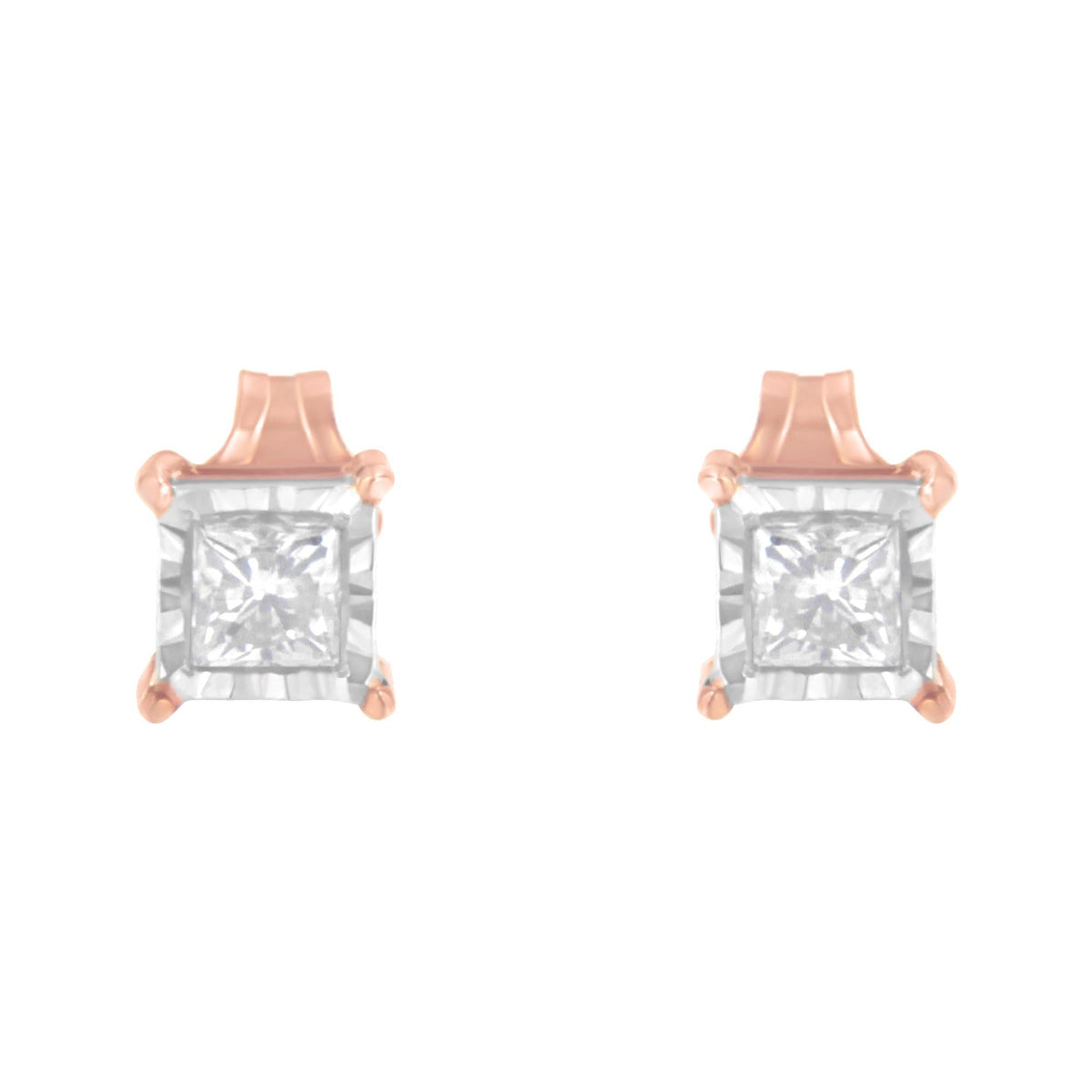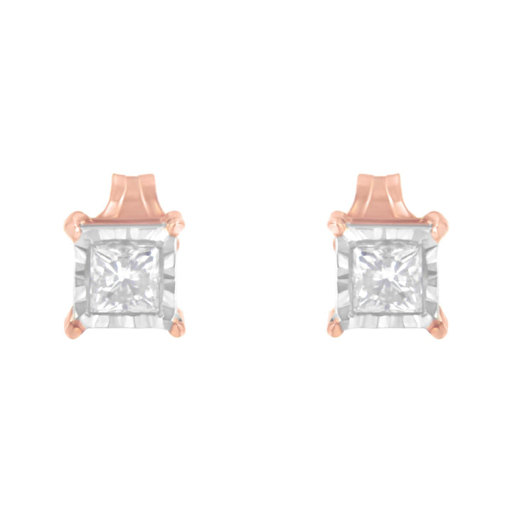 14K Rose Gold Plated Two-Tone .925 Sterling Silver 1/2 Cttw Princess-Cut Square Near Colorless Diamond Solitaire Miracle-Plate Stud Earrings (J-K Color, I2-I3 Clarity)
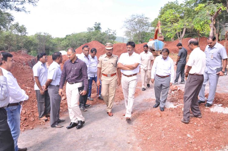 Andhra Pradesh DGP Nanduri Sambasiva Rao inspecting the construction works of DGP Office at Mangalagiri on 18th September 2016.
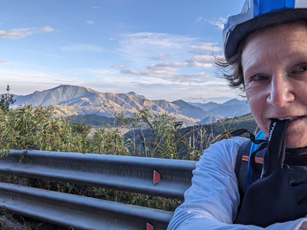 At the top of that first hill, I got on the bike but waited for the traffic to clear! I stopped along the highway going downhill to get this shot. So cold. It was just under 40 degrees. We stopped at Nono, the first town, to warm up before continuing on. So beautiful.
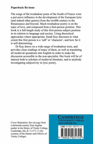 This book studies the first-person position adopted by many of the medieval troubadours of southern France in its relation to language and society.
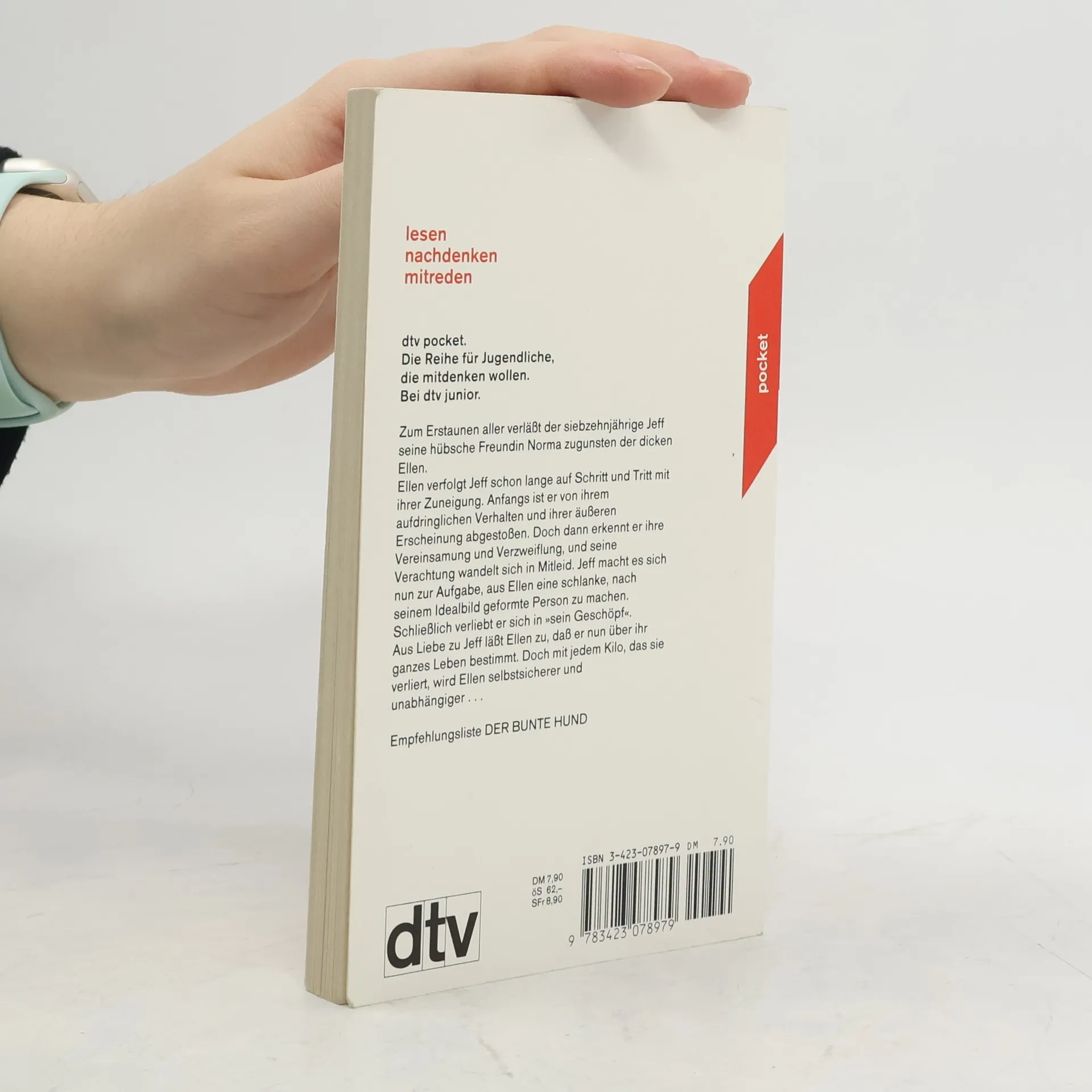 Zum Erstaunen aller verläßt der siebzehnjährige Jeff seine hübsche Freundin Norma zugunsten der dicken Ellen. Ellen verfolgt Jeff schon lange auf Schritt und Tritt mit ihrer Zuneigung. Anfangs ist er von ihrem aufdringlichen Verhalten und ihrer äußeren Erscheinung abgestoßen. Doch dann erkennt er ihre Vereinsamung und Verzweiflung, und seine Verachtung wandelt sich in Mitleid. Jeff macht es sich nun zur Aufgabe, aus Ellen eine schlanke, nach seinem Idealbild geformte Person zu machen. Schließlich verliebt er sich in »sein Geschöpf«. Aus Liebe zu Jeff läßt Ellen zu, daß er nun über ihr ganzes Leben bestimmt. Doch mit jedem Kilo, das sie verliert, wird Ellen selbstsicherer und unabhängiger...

*EXERCISE DESCRIPTION*
Only the records themselves, retyped exactly, belong in the answer; please leave all images behind.

*RESPONSE AREA*
 14K Rose Gold Plated Two-Tone .925 Sterling Silver 1/2 Cttw Princess-Cut Square Near Colorless Diamond Solitaire Miracle-Plate Stud Earrings (J-K Color, I2-I3 Clarity)
 Andhra Pradesh DGP Nanduri Sambasiva Rao inspecting the construction works of DGP Office at Mangalagiri on 18th September 2016.
 At the top of that first hill, I got on the bike but waited for the traffic to clear! I stopped along the highway going downhill to get this shot. So cold. It was just under 40 degrees. We stopped at Nono, the first town, to warm up before continuing on. So beautiful.
 This book studies the first-person position adopted by many of the medieval troubadours of southern France in its relation to language and society.
 Zum Erstaunen aller verläßt der siebzehnjährige Jeff seine hübsche Freundin Norma zugunsten der dicken Ellen. Ellen verfolgt Jeff schon lange auf Schritt und Tritt mit ihrer Zuneigung. Anfangs ist er von ihrem aufdringlichen Verhalten und ihrer äußeren Erscheinung abgestoßen. Doch dann erkennt er ihre Vereinsamung und Verzweiflung, und seine Verachtung wandelt sich in Mitleid. Jeff macht es sich nun zur Aufgabe, aus Ellen eine schlanke, nach seinem Idealbild geformte Person zu machen. Schließlich verliebt er sich in »sein Geschöpf«. Aus Liebe zu Jeff läßt Ellen zu, daß er nun über ihr ganzes Leben bestimmt. Doch mit jedem Kilo, das sie verliert, wird Ellen selbstsicherer und unabhängiger...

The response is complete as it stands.